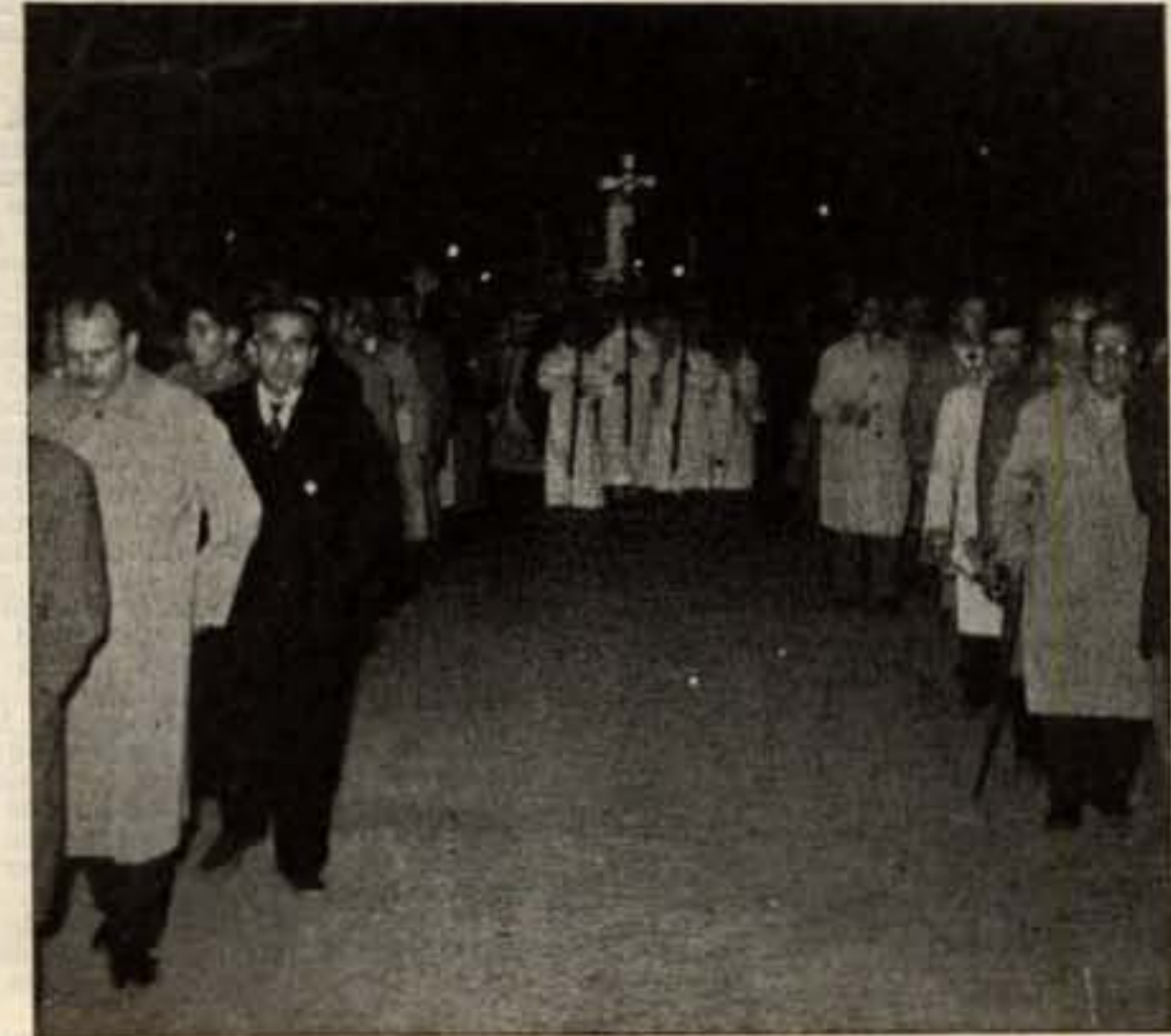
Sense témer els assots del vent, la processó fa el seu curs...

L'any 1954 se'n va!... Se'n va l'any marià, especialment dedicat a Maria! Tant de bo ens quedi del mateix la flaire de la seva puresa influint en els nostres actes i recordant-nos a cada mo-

————————

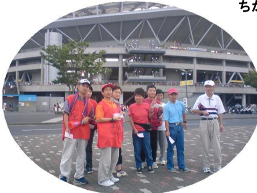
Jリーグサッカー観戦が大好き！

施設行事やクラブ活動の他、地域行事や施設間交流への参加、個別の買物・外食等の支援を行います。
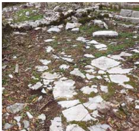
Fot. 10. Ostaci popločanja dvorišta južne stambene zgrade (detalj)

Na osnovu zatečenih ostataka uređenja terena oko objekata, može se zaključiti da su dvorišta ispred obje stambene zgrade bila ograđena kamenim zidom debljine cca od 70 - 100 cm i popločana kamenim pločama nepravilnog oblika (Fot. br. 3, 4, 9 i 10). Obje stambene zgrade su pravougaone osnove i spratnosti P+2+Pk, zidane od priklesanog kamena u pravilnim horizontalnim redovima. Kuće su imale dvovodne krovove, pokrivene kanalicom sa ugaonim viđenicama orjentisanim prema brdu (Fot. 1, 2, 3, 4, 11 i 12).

————————

[Work required] Only those lines of the entries above that run from the line containing "Sense témer els" to the line containing "L'any 1954 se'n", both included, should be transcribed exactly.

[Solved exercise]
Sense témer els assots del vent, la processó fa el seu curs...

L'any 1954 se'n va!... Se'n va l'any marià, especialment dedicat a Maria! Tant de bo ens quedi del mateix la flaire de la seva puresa influint en els nostres actes i recordant-nos a cada mo-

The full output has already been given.